Does anybody enforce this or do we just take Google at their word?
Can you fly under the radar and potentially get away with not doing it? Of course, anything is possible. Could a multibillion dollar internet organization beholden to shareholders and under public scrutiny get away with it? Not likely.
Can you provide a link to this requirement? The HIPAA/HITECH laws provide no requirements for an external audit (and self-audits aren't actually audits) and the HHS, as far as I know, only does small sample random audits unless a complaint was made.
EDIT: I guess I don't understand. Once we give Google the sensitive information, how do we have any way of knowing what they do with it? I'm guessing an audit on all of Google's data is out of the question.

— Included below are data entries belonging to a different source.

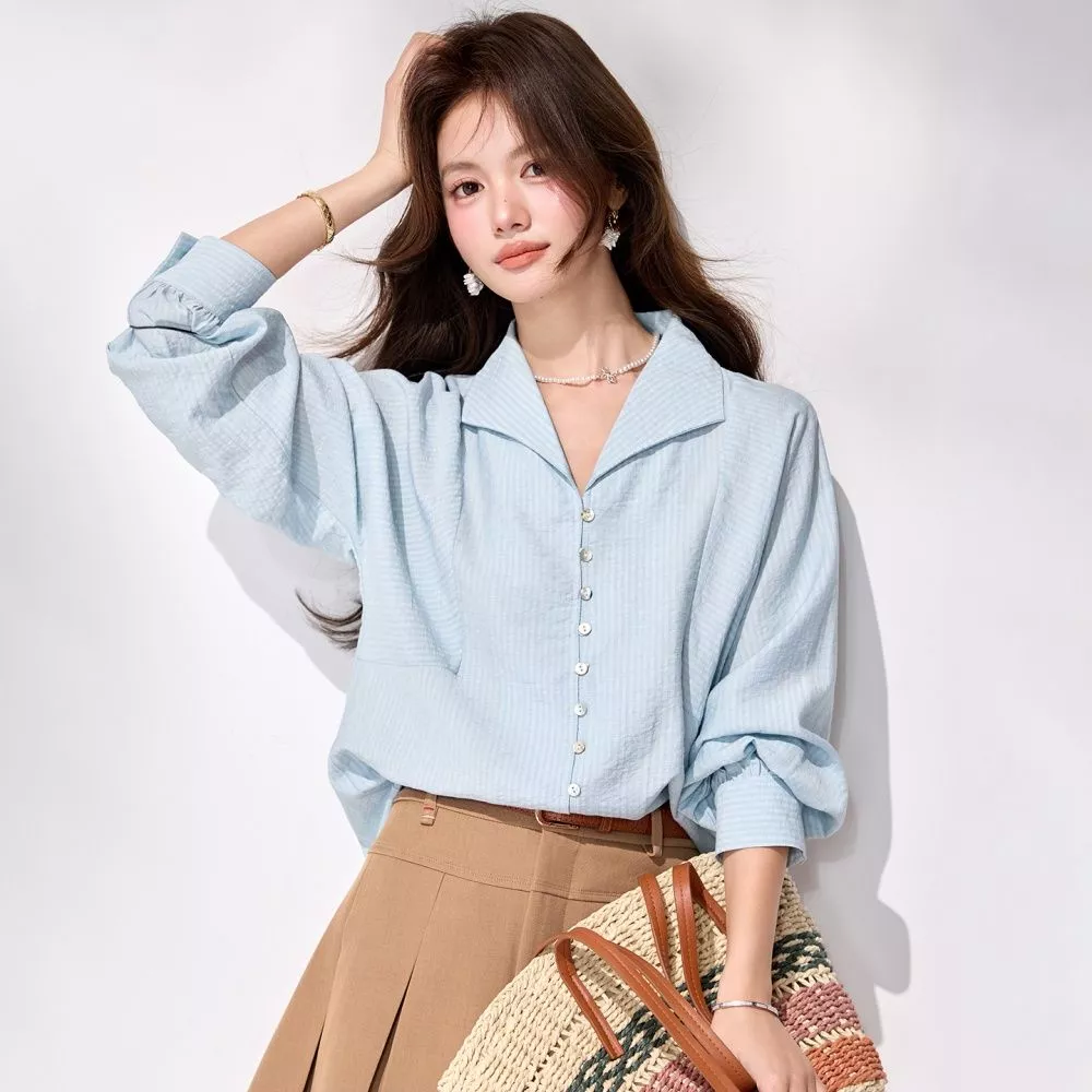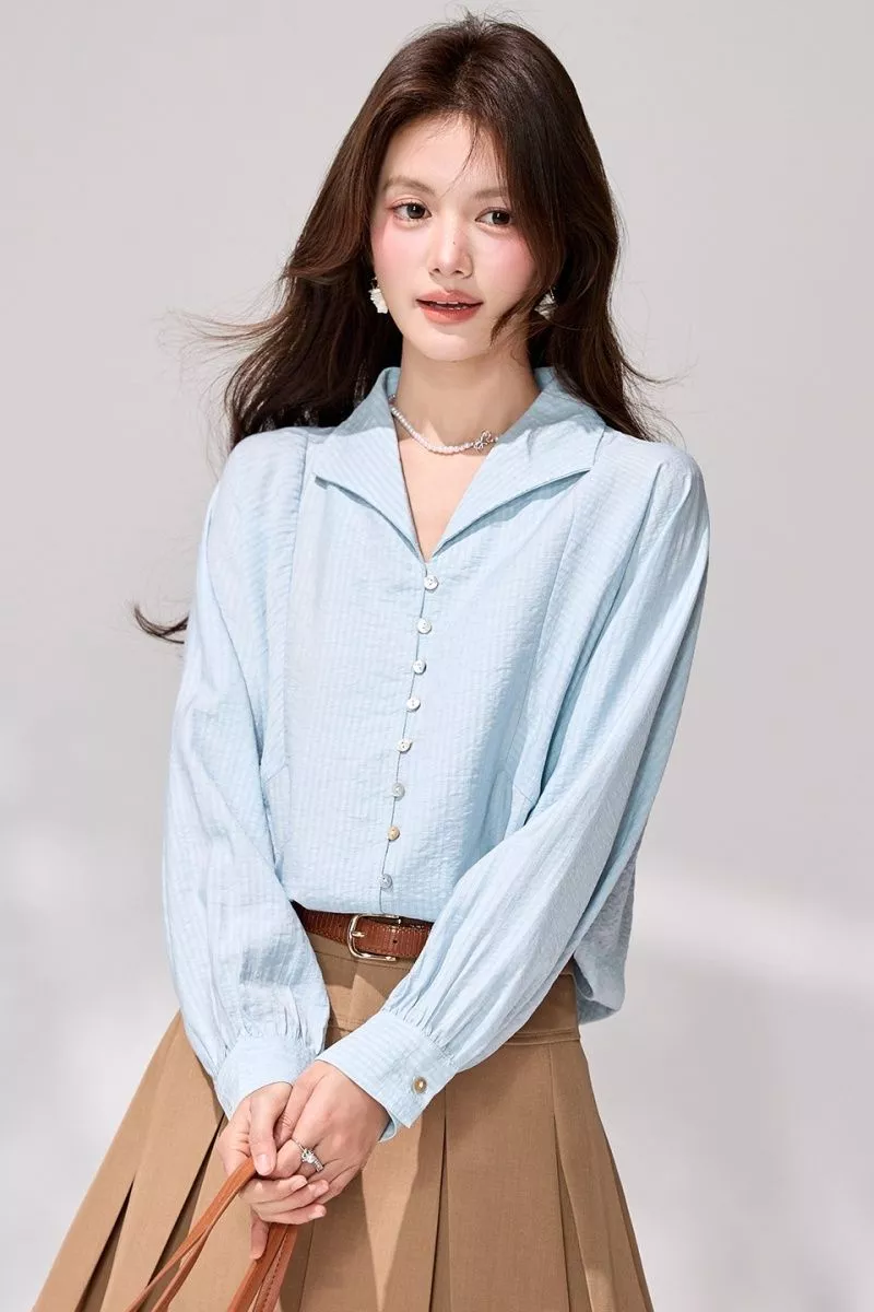 Camicia Donna Azzurro Chiaro Elegante Manica Lunga Camicia Casual Chic CF68467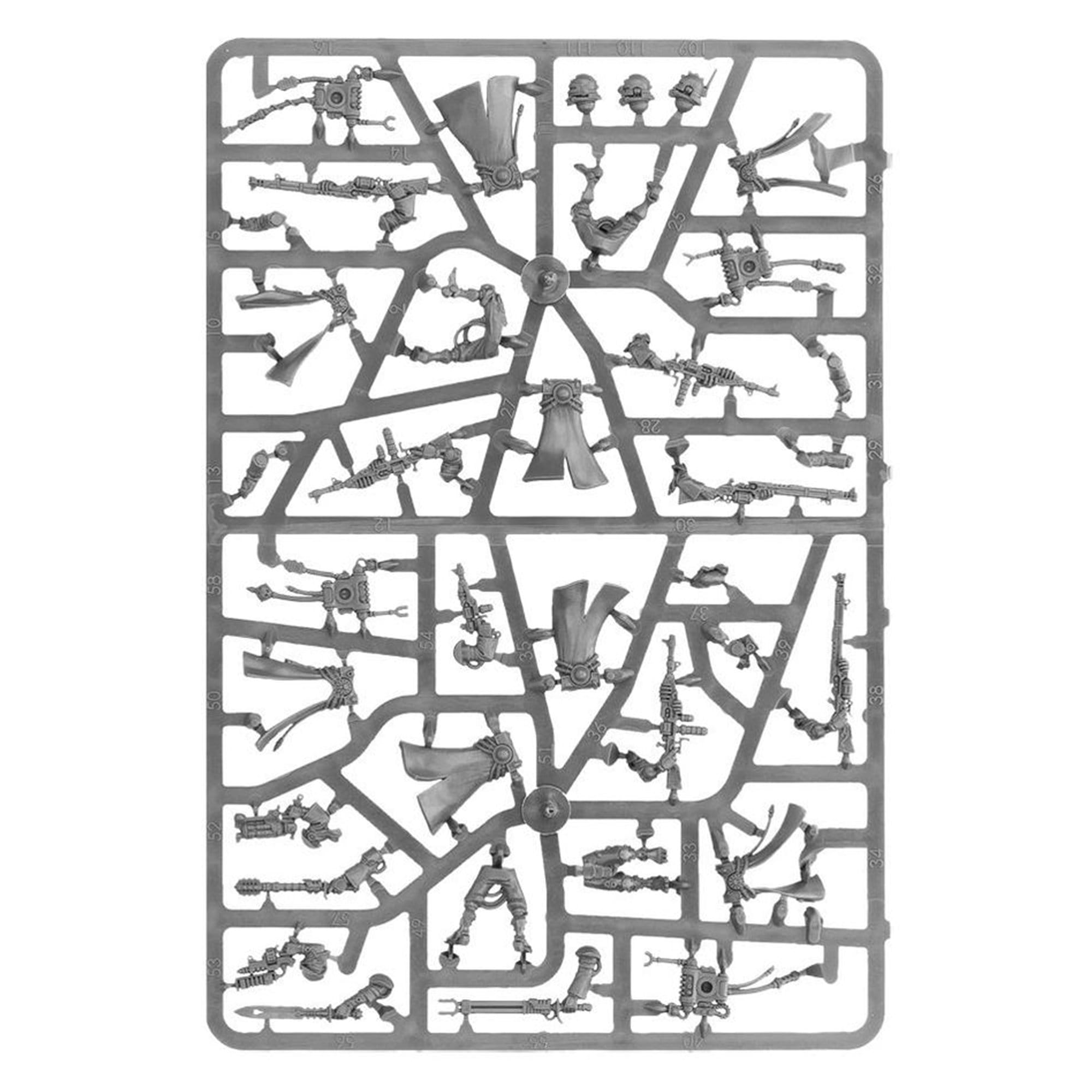 Adeptus Mechanicus Skitarii to elitarna drużyna cybernetycznych żołnierzy, gotowa do walki w imię Technologicznego Imperium. Zestaw pozwala zbudować 10 modeli Skitarii Rangers lub Vanguard z zaawansowanym uzbrojeniem i cybernetycznymi ulepszeniami, idealnych do gier bitewnych Warhammer 40,000 lub kolekcjonerskiej ekspozycji.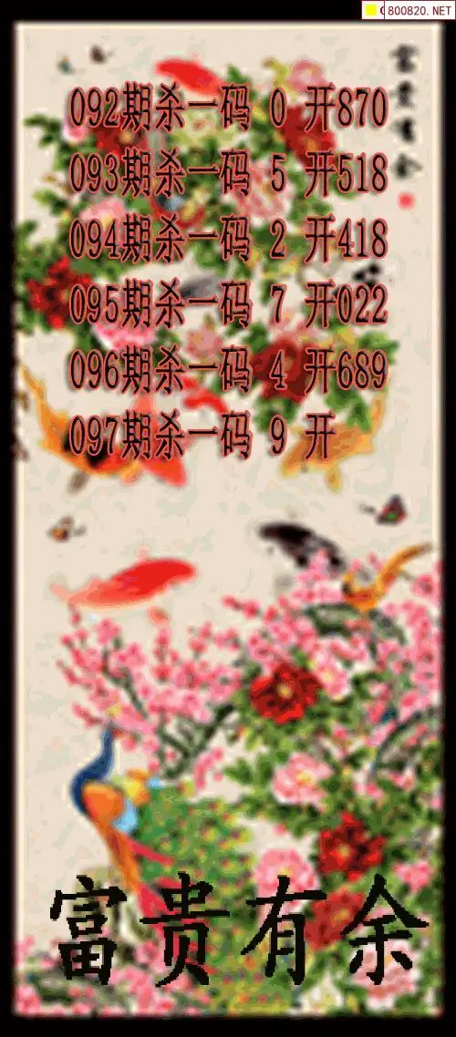 2026096期福彩火麒麟杀码图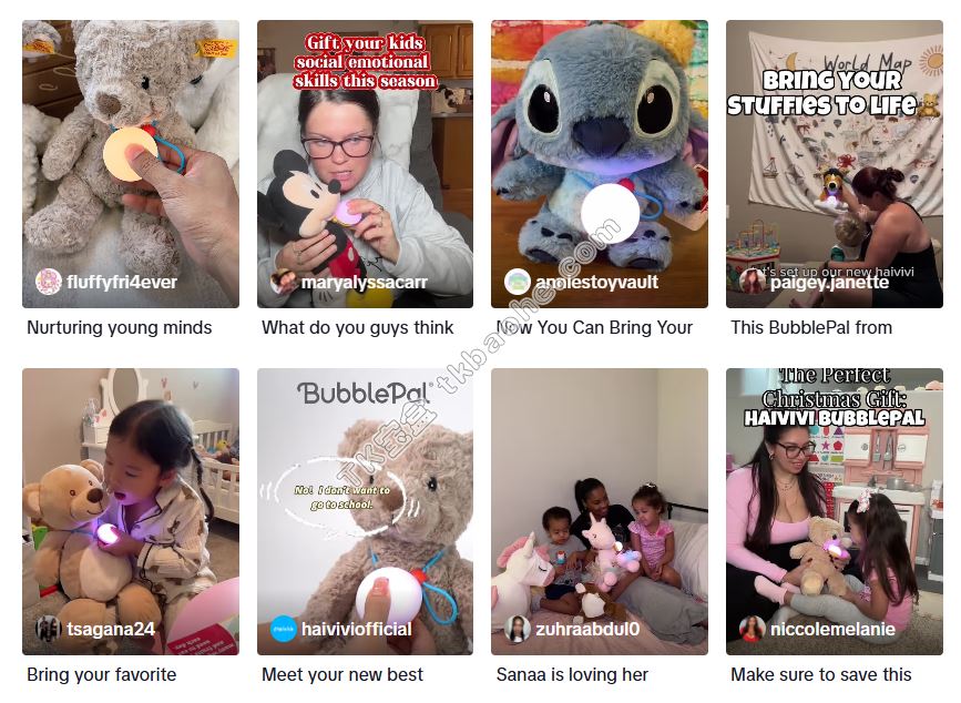 Haivivi选择与科技类、亲子类达人合作,拍摄充满生活气息的视频:孩子抱着毛绒玩具问问题、听故事、模仿角色声音……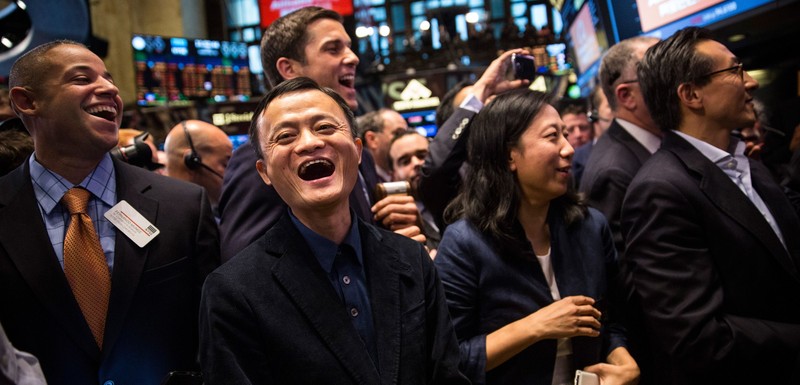 Tertawa lebar saat Alibaba melakukan IPO di bursa saham Amerika Serikat pada tahun 2014. Foto: Getty Images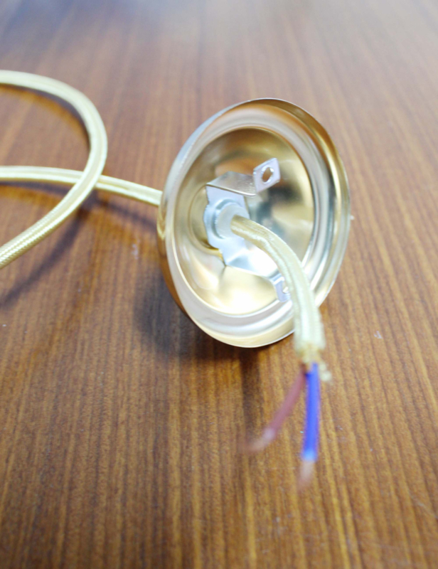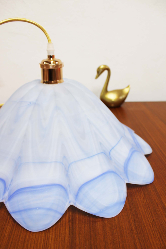 Deze retro lamp is gemaakt van blauw glas en heeft goudkleurige details aan het snoer (deze is niet origineel). Wie heeft hier het perfecte plekje voor?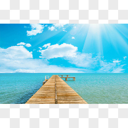 蓝色的海边栈道唯美图片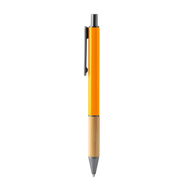 Ball pen in matt finish with bamboo grip and dark colour details. Blue ink.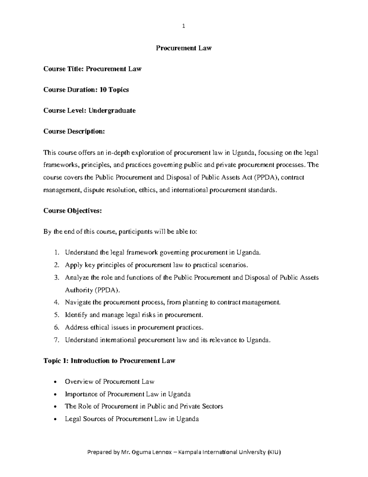Procurement Law Notes (UGA 101): Key Concepts and Frameworks - Studocu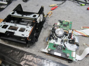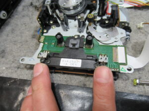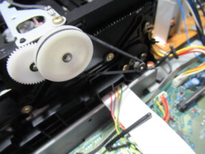 汚れた接点を研磨清掃し、スライド接点専用グリスを処置します。テープをセットしたときに「カシャカシャ」といって動作が遅れるときはここの接触不良です。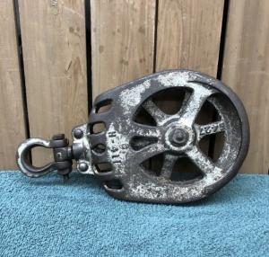 Antique Vintage Cast Iron And Wood Barn Pulley     Completed    $56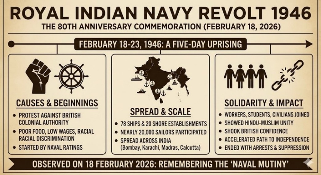 1946 ராயல் இந்தியக் கடற்படை (RIN) கிளர்ச்சியின் 80வது ஆண்டு விழா பிப்ரவரி 18, 2026 அன்று அனுசரிக்கப்பட்டது.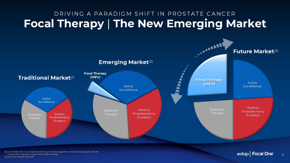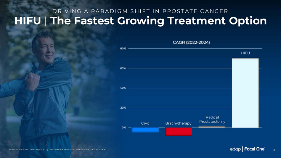12 D R I V I N G A P A R A D I G M S HI F T I N P R O S T A T E C A N C E R Focal Therapy | The New Emerging Market (1) As of 2013. Chen et al. National trends in the management of localized prostate cancer: A population - based analysis 2004 - 2013. Prostate. (2) Internal market estimate Active Surveillance Radical Prostatectomy (Surgery) Radiation Therapy Active Surveillance Radical Prostatectomy (Surgery) Radiation Therapy Focal Therapy (HIFU) Traditional Market (1) Emerging Market (2) Future Market (2) Focal Therapy (HIFU) Active Surveillance Radical Prostatectomy (Surgery) Radiation Therapy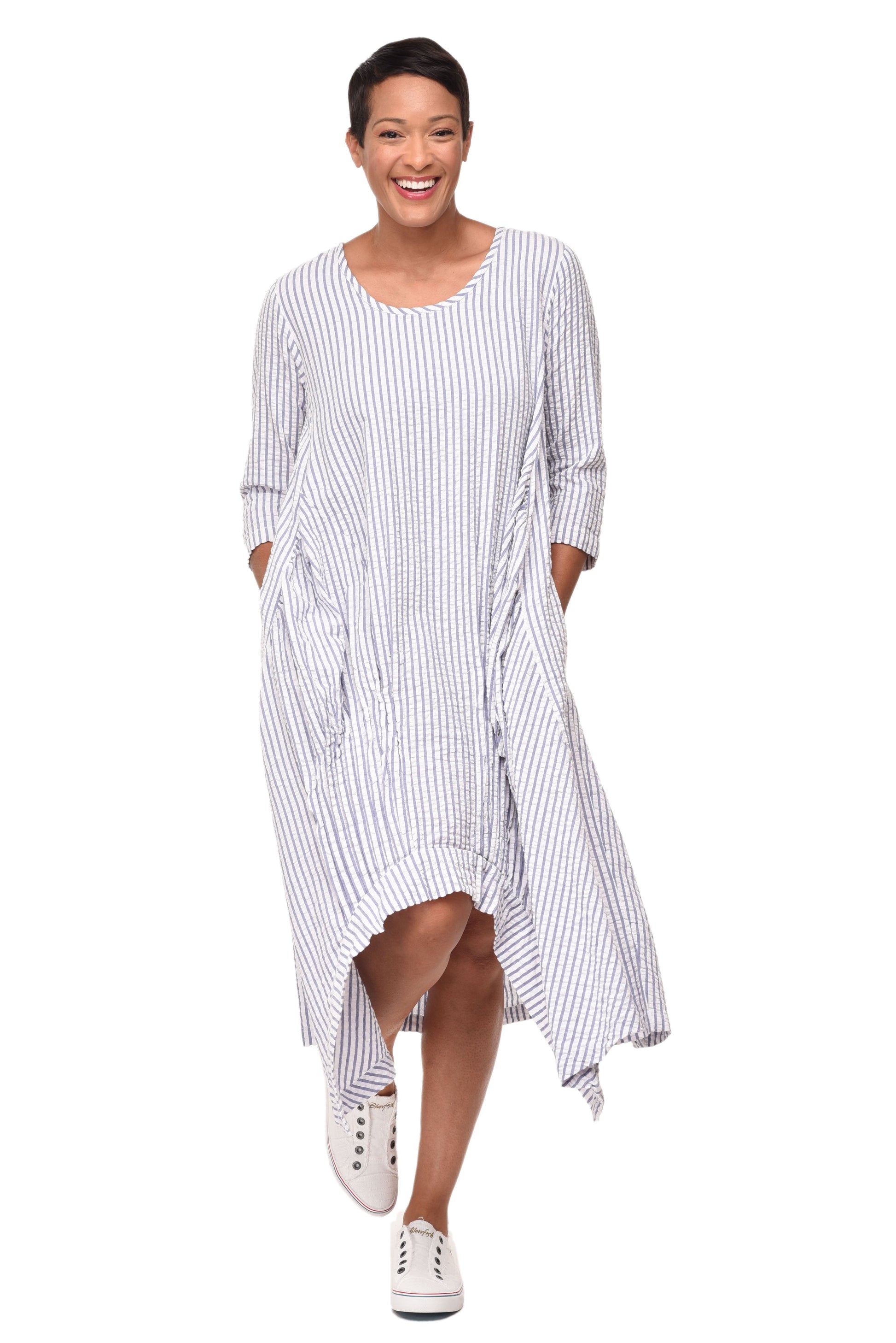 This Lexi Dress features 3/4 length sleeves, as well as elegant tucks and practical pockets for added functionality.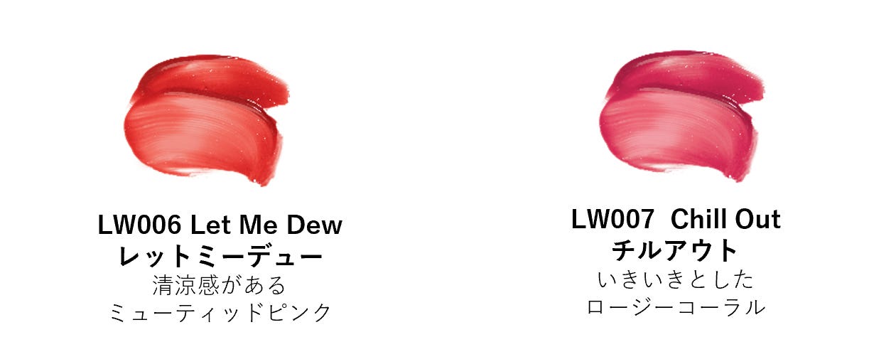 「LW006 Let Me Dew(レットミーデュー)」は、清涼感のあるミューティッドピンク。「LW007 Chill Out(チルアウト)」は、いきいきとしたロージーコーラル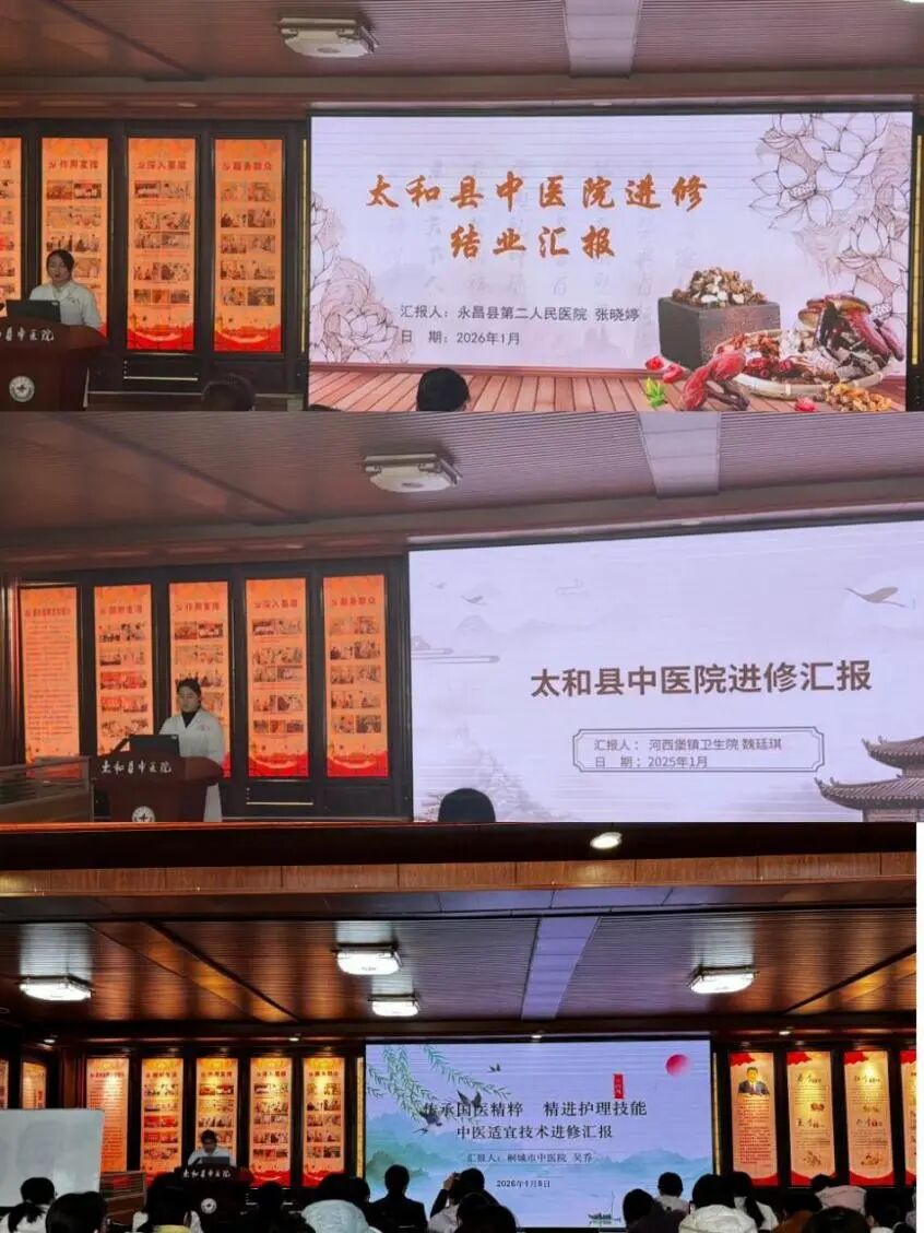近日,太和县中医院护理部成功举办一场干货满满的护理进修人员结业汇报会!护理部主任孙海燕、副主任张晨,院内中医护理骨干及相关临床科室护士长悉数到场,与来自桐城市中医院的吴乔、永昌县第二人民医院的张晓婷和魏廷琪三位进修老师齐聚一堂,共同复盘数月进修的丰硕成果。这场汇报既是进修人员个人成长成效的集中展示,更是跨区域、跨医院中医护理经验互鉴的优质平台,为本轮进修工作画上了圆满句号。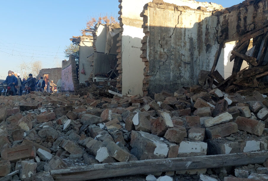 Video images from the scene showed people sifting through piles of bricks and clearing metal scaffolding.

While the Grauniad is trying to spin it to sound worse, the whole point is Google are providing data processing services to a valid HIPAA processor via Google Cloud, not that they nefariously bought the data to integrate it with the search results.
Much like health data stored on AWS with a dedicated internal project team could be accessed by "Amazon" staff. It's kinda the point, the google staff have been brought in to help manage the data.
I don't think that anyone is claiming they are intending to do this.
Yes, the DHHS Office of Civil Rights enforces HIPAA Privacy and Security rules. That enforcement is reactive of there is no independent regular compliance certification or monitoring required, however, which is a weakness, but the fact that detection of violation can lead to personal as well as institutional penalties, and that those penalties are criminal as well as civil, means it's not a risk that decision-makers tend to be willing to take on just because it would (so long as undetected) provide a business opportunity.